Vortrag (mit Präsentation)
  • 17.30, ab 18.30−23.00 Uhr (alle 45 Min., jeweils 30 Min.) 3D-Wissenschaftskino (Studio da Vinci):
    Ein 2 m großes Wassermolekül? Eine Klimasimulation der gesamten Erde auf einer Leinwand? Durch aktuelle Forschung entstehen riesige Mengen an Daten, die sich nur mit schnellen Rechnern und modernen Visualisierungsverfahren darstellen lassen. In einem 3D-Studio zeigen wir auf der großen Leinwand, wie man mit schnellen Rechnern Forschungsdaten zum Leben erweckt. Ob winzige Moleküle, Aufnahmen vom Inneren unseres Körpers oder globale Klimasimulationen: Überzeugen Sie sich selbst, wie interaktive Visualisierung helfen kann, selbst komplexe Forschungsdaten besser zu verstehen.
17.00−0.00 Uhr (jeweils 20 Min.) Mitmachkurs (Foyer)
  • Schiebepuzzle − Computer vs. Mensch:
    Anhand eines einfachen Beispiels zeigen wir, wie sich Computer und Menschen beim Lösen von Problemen unterscheiden. Schiebepuzzle kennt jedes Kind − aber wissen Sie auch, dass maximal 81 Züge zur Lösung nötig sind? Während wir Menschen froh sind, wenn wir überhaupt eine Lösung haben, ist es unheimlich schwer, die beste zu finden. Der Computer kann das viel besser als wir − braucht aber auch einen komplizierten Algorithmus und sehr viel Speicher dafür.
17.00−0.00 Uhr (jeweils 15 Min.) Informationen (Foyer)
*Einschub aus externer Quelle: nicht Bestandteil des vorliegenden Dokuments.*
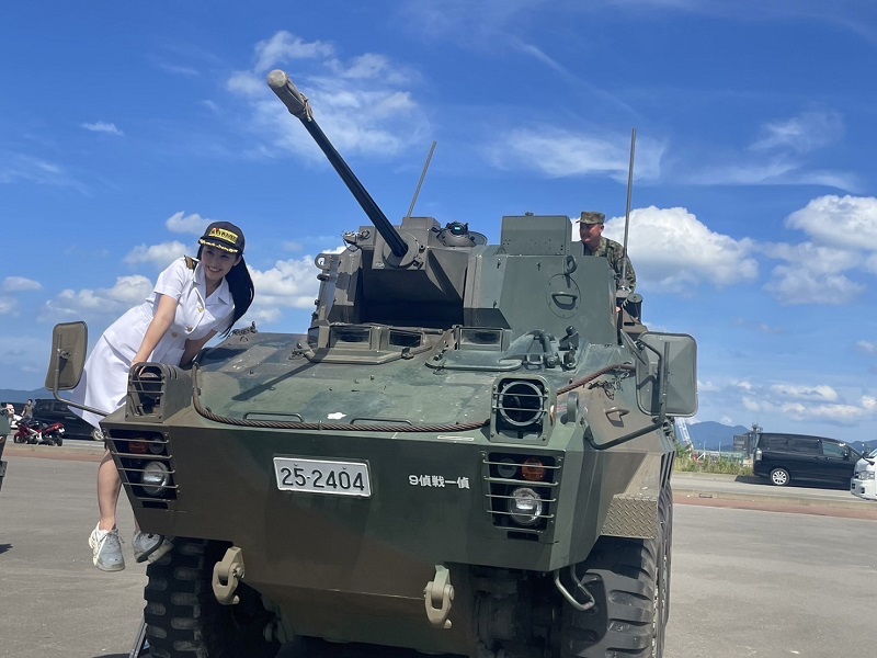 プロダーツプレイヤーにして、青森出身の津軽弁Gカップグラビアアイドルの熊谷麻音さんが21日、防衛省自衛隊青森地方協力本部主催「はまぎり来航」イベントにて一日艦長に就任した。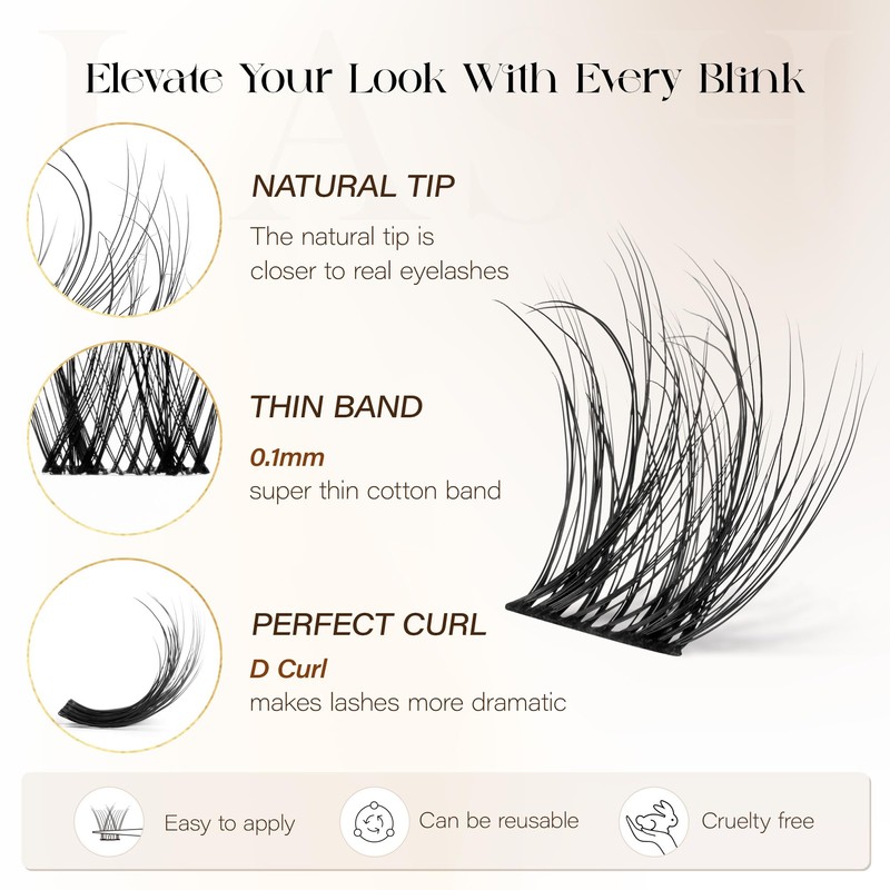 - Your Perfect Lash Solution--Lash Cluster Kit: Experience effortless and beginner-friendly lash enhancement with our all-in-one DIY lashes kit, featuring nice clusters, long-lasting bond and seal, a lash applicator, and gentle remover for stunning, salon-quality results at home

  • Supercomputing und Algorithmen:
    Ein Fokus unserer Forschung liegt auf der Entwicklung von Methoden und Algorithmen für parallele Supercomputer mit Millionen Rechenkernen. Das ZIB betreibt ergänzend dazu den Berliner Teil des HLRN. Die wissenschaftlichen Nutzer/innen des Supercomputers kommen aus den verschiedensten Anwendungsgebieten, von Quantenchemie, Erdsystemwissenschaften, Strömungsdynamik bis hin zur Teilchenphysik.
  • Omas (digitales) Fotoalbum retten − Strategien für die persönliche digitale Archivierung:
    Während Bücher oder Fotos nur sehr langsam altern, haben digitale Daten die unangenehme Eigenschaft, von jetzt auf gleich unlesbar zu werden, wenn der Datenträger oder die Datei beschädigt sind. Zudem gibt es alle paar Jahre neue Speichertechniken und Datenformate, die eine laufende Aktualisierung notwendig machen. Wer persönliche Erinnerungen oder wichtige Unterlagen nur noch digital speichert, sollte langfristige Maßnahmen gegen Datenverlust kennen. Das Team Digitale Langzeitarchivierung gibt Tipps zur persönlichen Archivierungsstrategie und erklärt, warum Glas-DVDs und Cloud-Dienste nicht die Rettung sind.
Stündlich von 18.00−23.00 Uhr (jeweils 40 Min.) Führung (Hörsaal)
  • Supercomputer − heute und gestern:
    Supercomputer sind heute ein unverzichtbares Instrument in Forschung und industrieller Produktentwicklung. Am ZIB wird der Supercomputer Konrad betrieben, der zusammen mit seinem Partnersystem Gottfried in Hannover den Hochleistungsrechner HLRN-III bildet. Das HLRN-III-System zählt zu den schnellsten Rechnern in Deutschland und wird durch die norddeutsche Wissenschaftsgemeinschaft zur Lösung vielfältiger Fragestellungen genutzt. In der Rechnerführung wird neben einem historischen Rückblick auf ehemals am ZIB betriebene Supercomputer auch ein von der Zuse KG gebauter Rechner Z25 gezeigt. 
17.00−0.00 Uhr Science Rallye für Kinder und Jugendliche bis 14 Jahre  (hier finden Sie das Programm)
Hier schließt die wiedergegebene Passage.